About to start a new job in Exotics and Structured products, this video was very helpful for building a foundational understanding - many thanks Boyle!
As a tax practitioner, the one type of structured note that I've seen one of my clients with was completely different than the ones you describe, and basically the opposite. It was a bond that played a much higher than market rate, but it had a trigger that if a certain stock was below a certain price at the end of the term, the investor did not get their investment back. It was offered by Credit Suisse I think. The income from the bond portion was reported in his investment portfolio tax document as "other income" as opposed to one of the standard interest or dividend categories. For some reason he included with his tax material the paperwork describing the note.
@@LDacic search for yield enhancement structured products. most big investment banks structure and sell these through external/internal distribution networks they're usually a combination of zero coupon bonds + some option / derivative component like the one that Steven described, it's a combination of long zcb + short down&in put
That is the kind of structured product I first encountered: 5-year term, high yield (500 bp above normal bank borrowing rates), with options tied to one or more stock indexes such that if the underlyings drop below a certain level ('threshhold") from the original issue date of the structured product, the investor loses a corresponding portion of their investment principal. Interest is "contingent" and paid only so long as the underlyings are above the threshhold value(s). Works for the investor if and only if the underlyings stay within the original issue date values and the threshhold.
Very good beginner information on SP. You bring up an interesting point. “Why should I, as a portfolio manager buy a structured product instead of buying these components separately?” When you look at something as simple as a ZCB + call option, indeed it’s difficult to see value added by a bank writing these components. However, what if we add a digital coupon call on a basket of worst of, a short put to finance this optionality and an early redemption feature on this packaged product that will redeem your principe + coupon before maturity? Indeed it’s a very precise strategy for a specific purpose, for a specific investor. But the question is, do you have the time and infrastructure to buy and hedge these components separately? Do you have the means to monitor the overall MtM for such strategies for a single thematic? How about ten? Hundred? In many ways you answered your own question. This is a very bespoke business, and in any industry, bespoke demands a premium.
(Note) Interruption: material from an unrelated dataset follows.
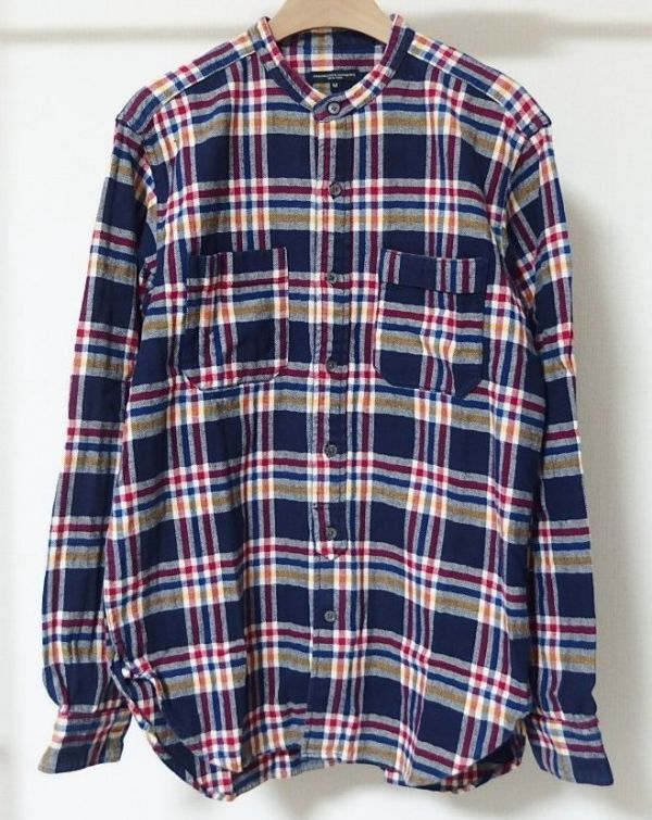 > Engineered Garments エンジニアードガーメンツ 直営店限定 Banded Collar Shirt Plaid Flannel バンドカラー チェック シャツ M

Edit: there is still value in capital protection products. Do you have the means to source a bond that would provide similar / better financing? How about the universe of stocks that you regularly deal with, is it as extensive as you want it to be? Even with capital protection products there are infinite combinations.
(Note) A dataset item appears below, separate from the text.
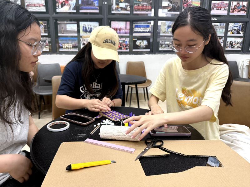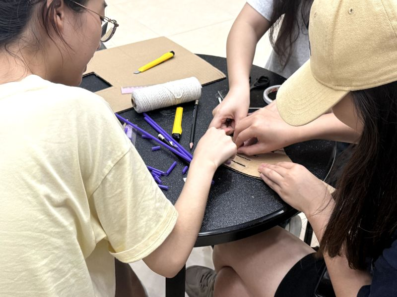 活动中,主持人李欣雨介绍了比赛规则,以及比赛所需材料和工具的使用方法。参与者们充分发挥创意与协作精神,利用提供的硬纸板、木棍、绳子和橡皮筋等材料,现场设计并动手制作简易机械手。

This assumes that going through all of those hoops increases the value of the investment which it doesn’t for most people stocks and bonds are enough and for the very few when it doesn’t they are better of not paying the fees
@@luisandrade2254 what about a brokerage? Do you think they don’t bring any value either just because they force the end investor to go though a bunch of “hoops”? Crossing one financial instrument between multiple custodies?No my friend. I humbly disagree. Only the market can dictate what does or doesn’t have value.
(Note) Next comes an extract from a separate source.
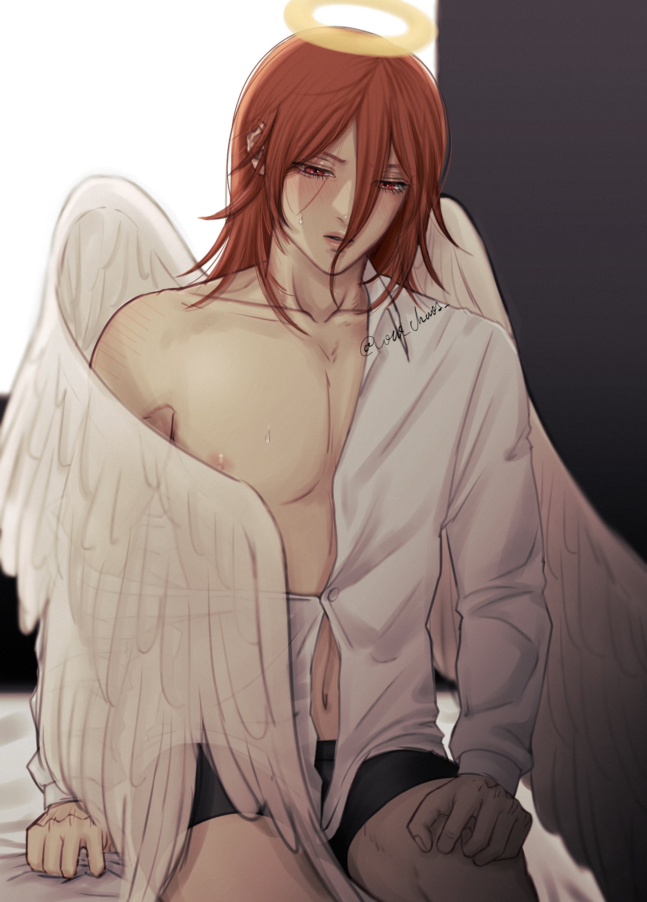 1boyangelangel wingsaya (coco chaos)bed sheetblack pantiescollarbonecollared shirtfeathered wingshair between eyeshalolipslong hair between eyeslong sleeveslooking at viewermale focusmale underwearnavelnipplesorange eyesorange hairpantiesparted lipspartially unbuttonedpectoralsshirtsittingsolosweattraditional halotwitter usernameunderwearwhite shirtwhite wingswings

@@antonmsk3401 a broker facilitates trading which has value but these structured products (at least from this video) are just packaged complicated financial products with high fees I genuinely don’t see the value even if they could have extremely high returns which they don’t it would all be eaten by fees
This is nuts! Talk to someone who owned these during COVID and during 2022….They not only didn’t lose money but made money. These products can protect on the downside and pay big gains if the market is flat or positive….so offer Principal Protection and FDIC Insurance and some offer a payout in a down market. People who buy these laugh at those that accept market risk and panic at every downturn.
Does your book Trading and Pricing Financial Derivatives include how to build a derivatives pricing model in Excel using the Black Scholes Merton formulae?
It is a bit crazy. Often the most complex products are sold to the least sophisticated investors. You should read the book FIASCO by Frank Partnoy, it tells you how crazy that industry was in the 1990's
they sound like so much smoke & mirrors to hide high management fees and still leave the investor holding the majority of the risk. I doubt I'll ever meet someone who tells me "I got rich investing in structured notes."